### What to work on:
Print the listing as it stands, omitting all images.

### Recorded information:
━━━━━━━━━━━━━━━━━━━━━━━━━━━━━━

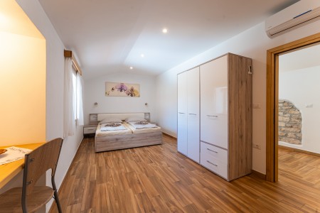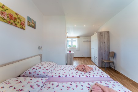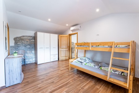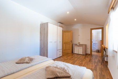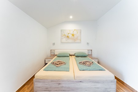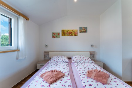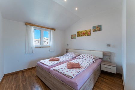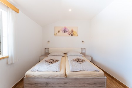 Kuća za 6-7 osoba: Kuća površine ca. 150 m², podijeljena na dva kata. U prizemlju klimatizirani veliki, otvoreni prostor u kojem je kompletno opremljena kuhinja, blagovaona i dnevni boravak. Tu su i jedno spremište i kupaona (tuš/WC). Na prvom katu su tri klimatizirane spavaće sobe i svaka ima svoju kupaonu (tuš/WC). Dvije spavaće sobe imaju bračni krevet, a u najvećoj spavaćoj sobi je jedan dupli krevet s krevetom na kat (gore: 90 x 200 cm – pogodno samo za jedno dijete do 11,99 godina, dolje: 120 x 200 cm – pogodno za dvoje djece do 11,99 godina ili maksimalno jednu odraslu osobu).
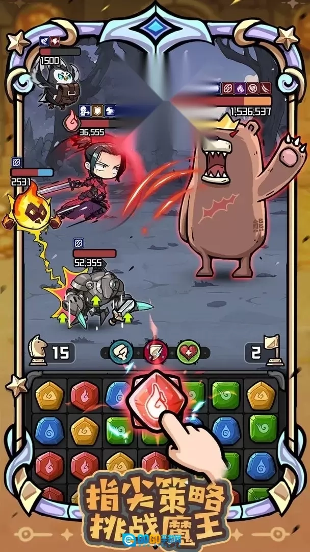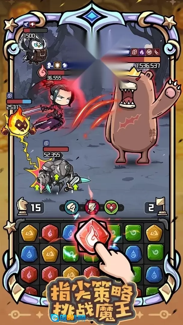 5、每次成功消除都能为英雄积攒能量,等能量攒满后,就能释放强力技能参与战斗,对敌人造成更沉重的伤害。
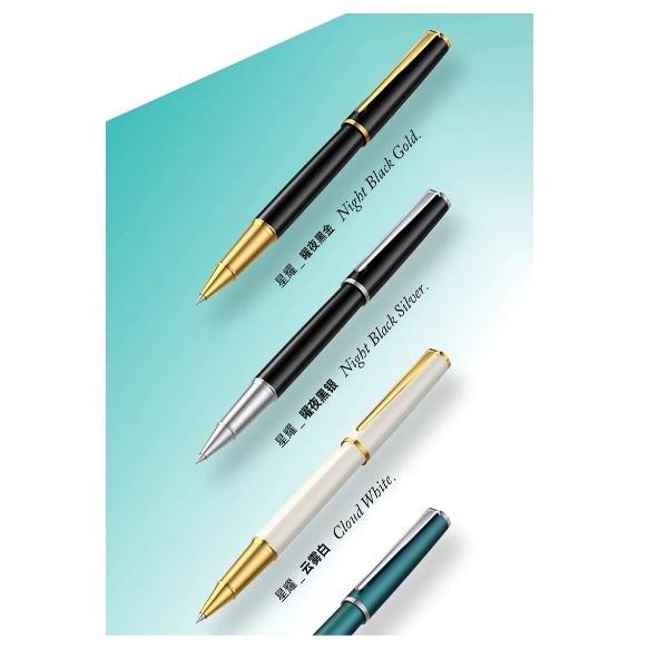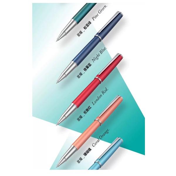 型号:星耀系列签字笔 类型:可替换芯宝珠笔 重量:墨水/宝珠笔25g/30g 颜色分类:曜夜黑金/曜夜黑银/黎雾灰/松苔绿/夜幕蓝/伦敦红/珊瑚橙/云雾白尼斯蓝/丁香雪 书写粗细:0.6mm 整笔材质:铝铜 笔盖:卡扣嵌套设计 笔握:24mm中距笔握 套餐类型:官方标配 包装方式:鸿运笔记本礼盒装 适用场景:送礼书写 适用人群:文艺青年 笔杆材质:金属笔身纹理:磨砂

━━━━━━━━━━━━━━━━━━━━━━━━━━━━━━

### Output below:
 Kuća za 6-7 osoba: Kuća površine ca. 150 m², podijeljena na dva kata. U prizemlju klimatizirani veliki, otvoreni prostor u kojem je kompletno opremljena kuhinja, blagovaona i dnevni boravak. Tu su i jedno spremište i kupaona (tuš/WC). Na prvom katu su tri klimatizirane spavaće sobe i svaka ima svoju kupaonu (tuš/WC). Dvije spavaće sobe imaju bračni krevet, a u najvećoj spavaćoj sobi je jedan dupli krevet s krevetom na kat (gore: 90 x 200 cm – pogodno samo za jedno dijete do 11,99 godina, dolje: 120 x 200 cm – pogodno za dvoje djece do 11,99 godina ili maksimalno jednu odraslu osobu).
 5、每次成功消除都能为英雄积攒能量,等能量攒满后,就能释放强力技能参与战斗,对敌人造成更沉重的伤害。
 型号:星耀系列签字笔 类型:可替换芯宝珠笔 重量:墨水/宝珠笔25g/30g 颜色分类:曜夜黑金/曜夜黑银/黎雾灰/松苔绿/夜幕蓝/伦敦红/珊瑚橙/云雾白尼斯蓝/丁香雪 书写粗细:0.6mm 整笔材质:铝铜 笔盖:卡扣嵌套设计 笔握:24mm中距笔握 套餐类型:官方标配 包装方式:鸿运笔记本礼盒装 适用场景:送礼书写 适用人群:文艺青年 笔杆材质:金属笔身纹理:磨砂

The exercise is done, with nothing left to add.